§ **Work item**
Your copy runs from the line containing "1 Dormitorio, 1" through the last line of the listing, both included. Restate those lines word for word and leave out pictures.

§ **Data section**
++++++++++++++++++++
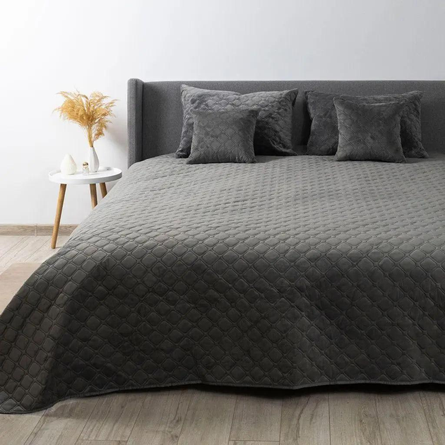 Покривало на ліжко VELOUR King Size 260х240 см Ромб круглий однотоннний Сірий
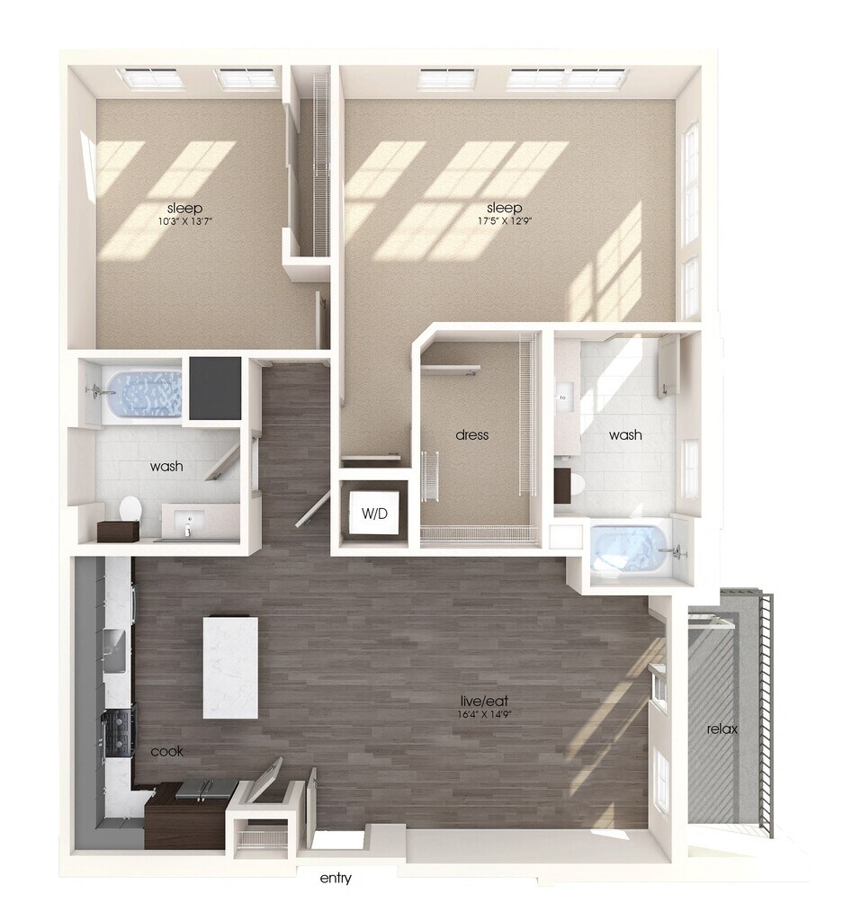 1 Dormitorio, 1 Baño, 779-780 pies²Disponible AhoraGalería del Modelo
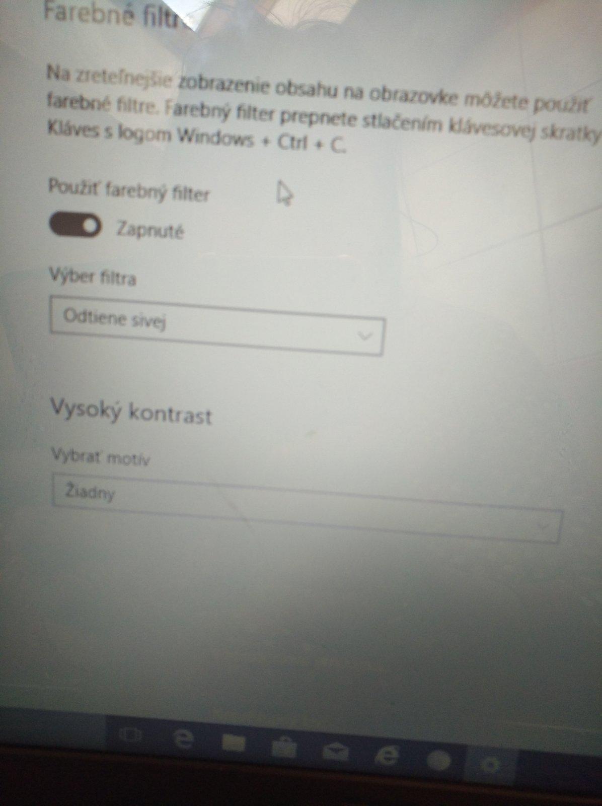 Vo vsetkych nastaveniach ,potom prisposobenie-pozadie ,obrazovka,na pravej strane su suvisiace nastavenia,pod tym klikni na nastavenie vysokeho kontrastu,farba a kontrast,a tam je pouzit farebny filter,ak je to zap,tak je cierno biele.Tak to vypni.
++++++++++++++++++++
§ **Exercise result**
 1 Dormitorio, 1 Baño, 779-780 pies²Disponible AhoraGalería del Modelo
 Vo vsetkych nastaveniach ,potom prisposobenie-pozadie ,obrazovka,na pravej strane su suvisiace nastavenia,pod tym klikni na nastavenie vysokeho kontrastu,farba a kontrast,a tam je pouzit farebny filter,ak je to zap,tak je cierno biele.Tak to vypni.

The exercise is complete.